Halstead Complexity Measures – Halstead Complexity Measures, introduced in 1977, offer a comprehensive set of metrics to evaluate software complexity. These metrics encompass program vocabulary, length, scope, difficulty, and estimated error count within a module. The primary objective is to gauge the computational complexity of the program, providing valuable insights into its maintainability and quality. As complexity values increase, so does the difficulty of maintaining the codebase, leading to lower overall quality. By quantifying various aspects of program complexity, Halstead metrics enable developers to identify potential challenges and prioritize efforts to enhance code maintainability and robustness. This historical approach continues to be a valuable tool in modern software development, aiding in the pursuit of efficient and maintainable codebases (Gupta, 2021).

Cyclomatic complexity – is a metric that measures the structural complexity of a program. Cyclomatic complexity is determined by counting the number of linearly dependent modules in the program's source code. Programs with high cyclomatic complexity (greater than 10) have more potential for errors. While technically code quality and quality metrics are clear, you also need to look at the business impact. After all, any software serves a business. As I mentioned above, quality code means less resources - human and technical - used. The impact of code quality is directly proportional to the return on investment (ROI) allocated to the application. Considering that 40-80% of the budget allocated to "software development" is spent on maintaining that application, quality code serves to reduce costs dramatically (Wang, 2022).

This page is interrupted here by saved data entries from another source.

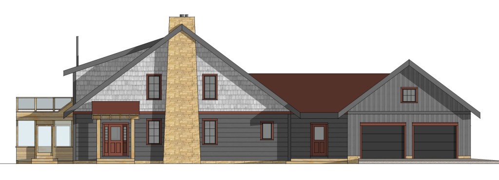 Could it be a trend? This ambitious young couple are going to “GC” (general contract) and do most of the work to construct their own home. Located down a country lane and overlooking the Wisconsin River Valley, it will make an enviable retreat from the world. My clients came to me with a well thought out floor plan, a building section, and a list of specifications that needed only a little refinement on my part. It has 2×6 walls with 4″ of sheet foam on the exterior, an ICF foundation, and high-heeled roof trusses for all-around really great R-value.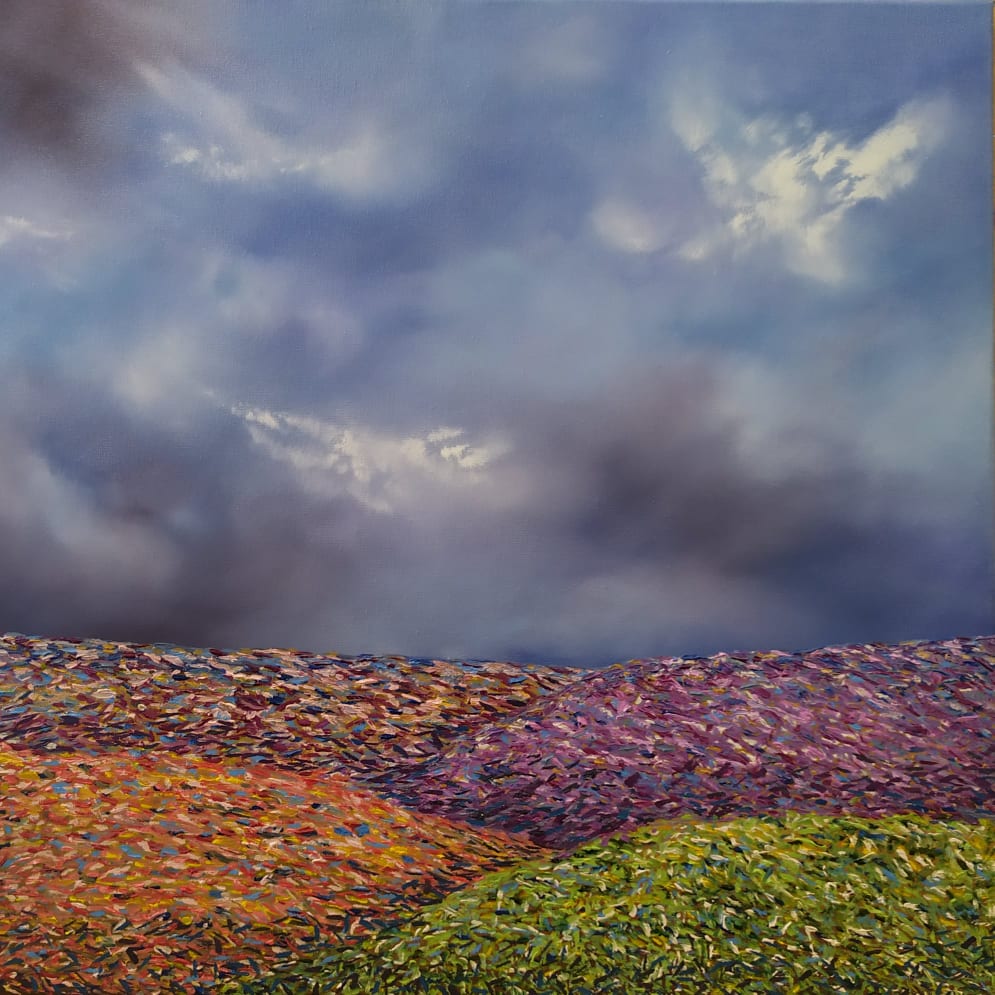 After visiting an amazing exhibition “Lyrical Landscapes” by William Robinson, I was inspired to play with textured colours. The painting is made in oil, with impasto details for texture. The sides are painted black.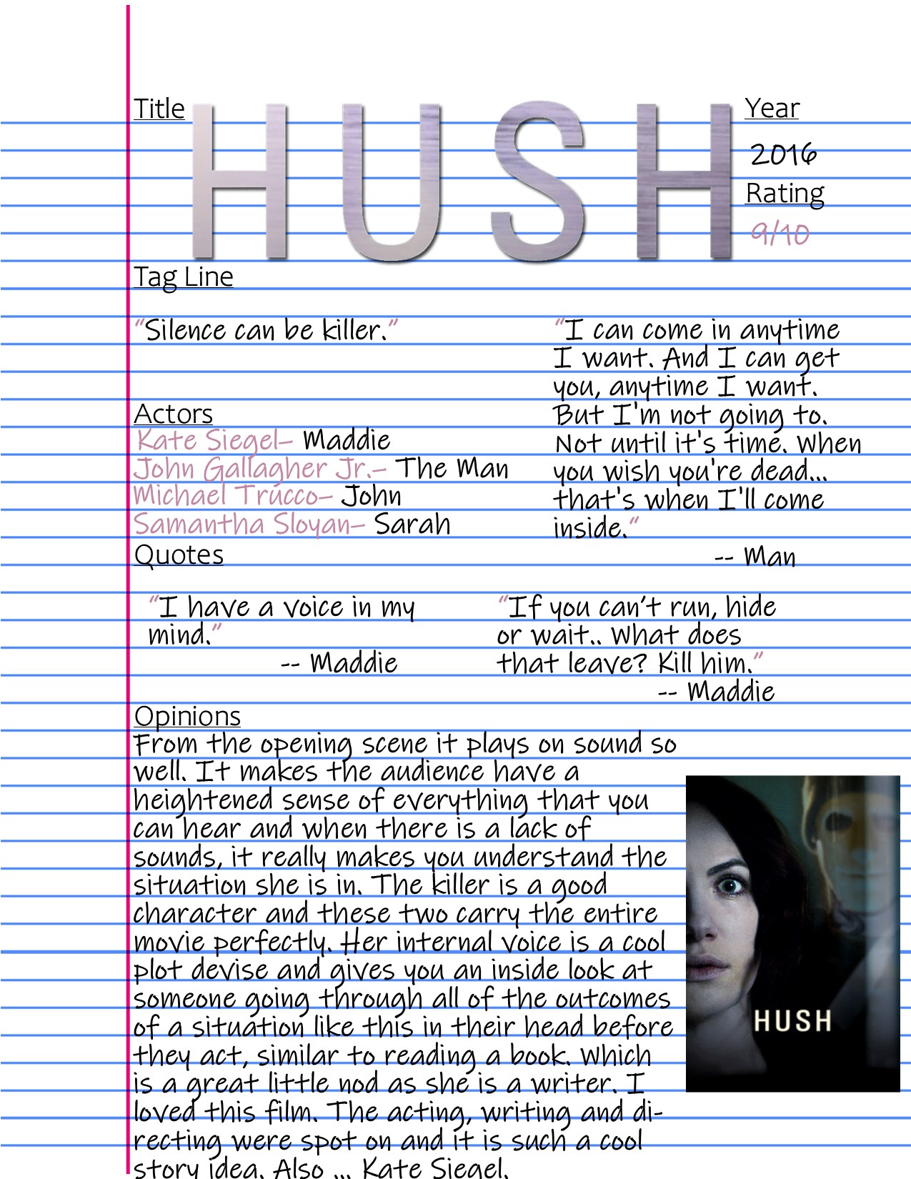 asl, home invasion, horror, horror movies, hush, kate siegel, movie, review, sign language, silence, survival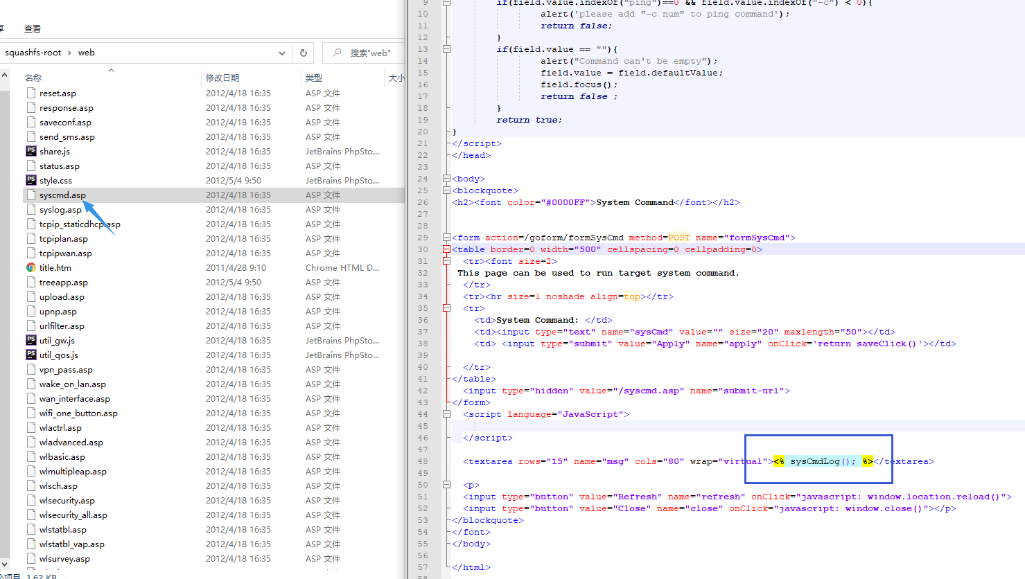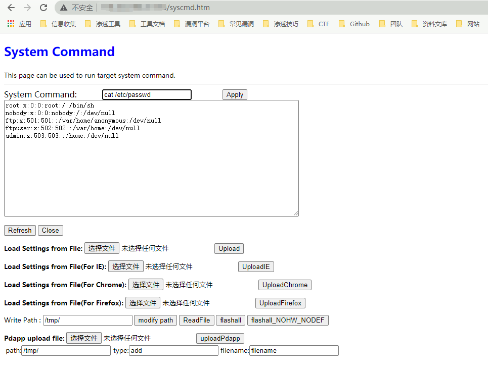 固件中存在一个asp文件为 syscmd.asp 存在命令执行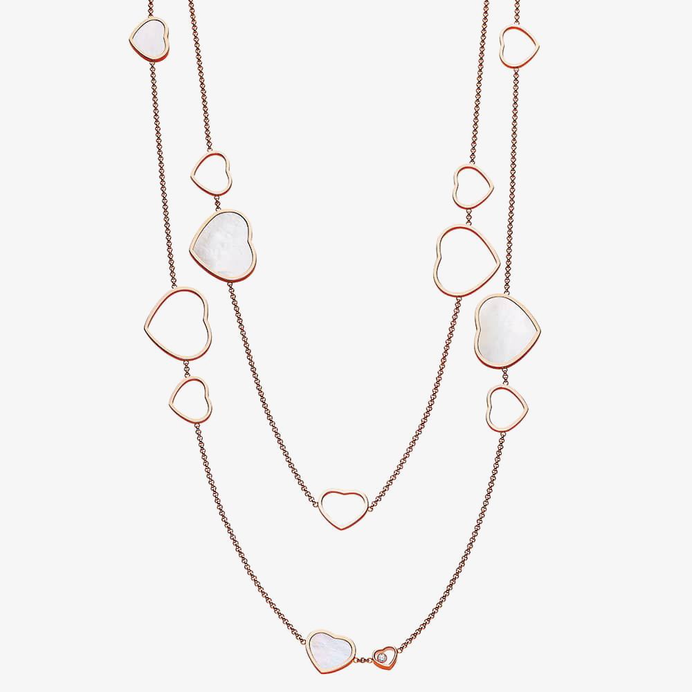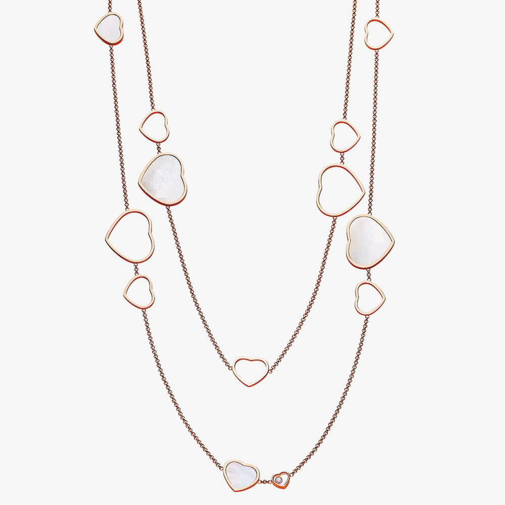Complete the look with this stunning ladies necklace. Offering a double chain design complete with a mixture of open work and mother of pearl filled hearts crafted from 18ct rose gold. The perfect gift for someone special, the necklace also features three 0.15ct floating diamonds which will add a hint of sparkle to any occasion. Wear individually for a true statement or pair with matching items from the Happy Hearts collection for the perfect finish to any outfit.

Big O notation – a fundamental concept in computer science, provides a standardized approach for quantifying the time and space complexity of algorithms. Coined by computer scientist Paul Bachmann in 1894 and popularized by Donald Knuth in the 1970s, Big O notation encapsulates the asymptotic behavior of algorithms as their input size grows. By expressing algorithmic complexity in terms of upper bounds, Big O notation facilitates comparisons between algorithms and enables developers to reason about algorithm efficiency independently of machine-specific details. An algorithm with a lower Big O complexity class generally exhibits better performance characteristics, as it requires fewer computational resources to execute. Therefore, integrating Big O notation into code quality assessments provides crucial insights into the scalability and efficiency of software systems, informing decisions regarding algorithm selection, optimization strategies, and overall system design (Smith, 2018).